Ariejan Korteweg. Volkskrant, 23 september 2020
‘Er was een tijd dat ze zowat in haar eentje de belichaming van het Franse levensgevoel was. Het waren de jaren vlak na de oorlog, de orde had z’n greep op het leven van alledag nog niet hersteld en Parijs werd voor even weer de hoofdstad van de wereld. Kunstenaars van heinde en verre kwamen er heen om zich te laven aan de sfeer van vrijheid en avontuur die er hing en aan de losbandigheid waarmee dat alles gepaard ging.

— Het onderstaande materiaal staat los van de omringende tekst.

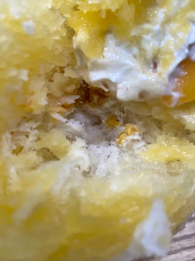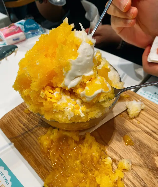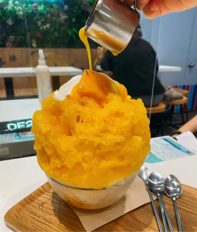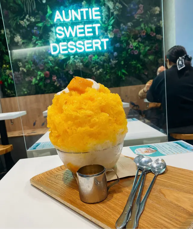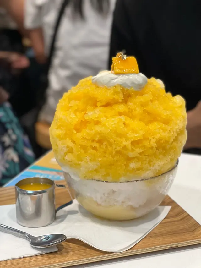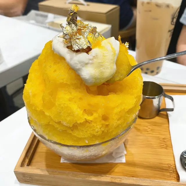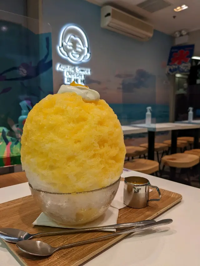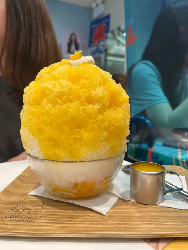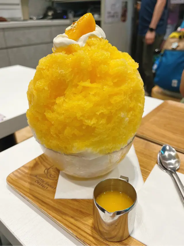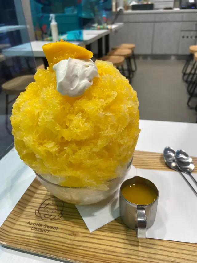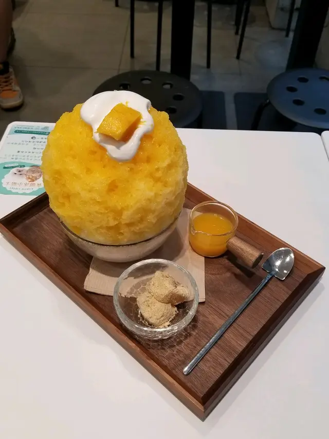 刨冰雖不利養生, 但對我而言是消暑佳品。因未嚐過甜姨姨的刨冰, 便特意前來一試。小店座位蠻多的枱面貼有"食刨冰小貼士"黃到金 $138甜姨姨的刨冰款式各有風格, 選擇困難症發作了一段時間, 最後選了黃到金。刨冰訂價$128-$148, 價格略為偏高, 對其期望亦相對增加。每份刨冰均配一份"刨冰buddy", 即2件蕨餅。蕨餅沾滿黃豆粉, 質感軟綿, 味道口感均不俗。黃到金主打菲律賓呂宋芒和楊枝甘露。刨冰賣相簡單, 滿是黃色的芒果味糖漿, 面頭有忌廉和一粒芒果以作點綴。起初以為黃到金是指芒果漿的顏色, 後來發現金應該是指放在芒果上的一片金箔。我怎樣看也不見有金箔, 罷了, 就當被風吹走。隨刨冰附上一小杯芒果漿, 讓客人需要時自行添加。吃一口刨冰便後悔了, 芒果漿味道不自然, 吃後即感惹痰。冰的質感不夠綿, 當中夾雜著冰粒。可幸的是, 吃到中段有芒果味的脆粒, 底有楊枝甘露, 芒果和芒果布甸, 口感豐富。刨冰溶化的速度快, 匙子小如茶匙, 吃冰還可以, 但冰溶後變糖水, 便要花長時間才可喝完。對我而言, 黃到金的外表和內裡的配料合符期望, 但訂價偏高, 而且吃後令人起痰的刨冰, 實在大打折扣。…查看更多

Het was de omgeving van de Boulevard Saint-Germain-des-Prés, een hoekje van het Quartier Latin op de linkeroever van de Seine – precies dat hoekje waar nu de romantici heengaan in de hoop nog een vleug van dat Parijs te kunnen opsnuiven. De kunstenaars hingen rond in Les Deux Magots, Le Café Flore, maar vooral de Bar Vert en, als die rond middernacht sloot, Le Tabou. Er werd gerookt, gedronken en gediscussieerd, alles in bovenmatige hoeveelheden. Boris Vian was er, Jean-Paul Sartre, Albert Camus, Jacques Prévert, Raymond Queneau, Jean Cocteau. Veel mannen sowieso, die betoverd werden door de jonge Juliette, die wist hoe je je moest kleden in existentialistische kringen: zwarte pony, petite robe noire, zwartomrande ogen. Simone de Beauvoir was er ook, met haar zou ze vriendschap sluiten.
‘Het waren mensen die hun kindertijd hadden verlengd omdat de oorlog er tussen gekomen was’, zei ze in een interview met de Volkskrant in 2011.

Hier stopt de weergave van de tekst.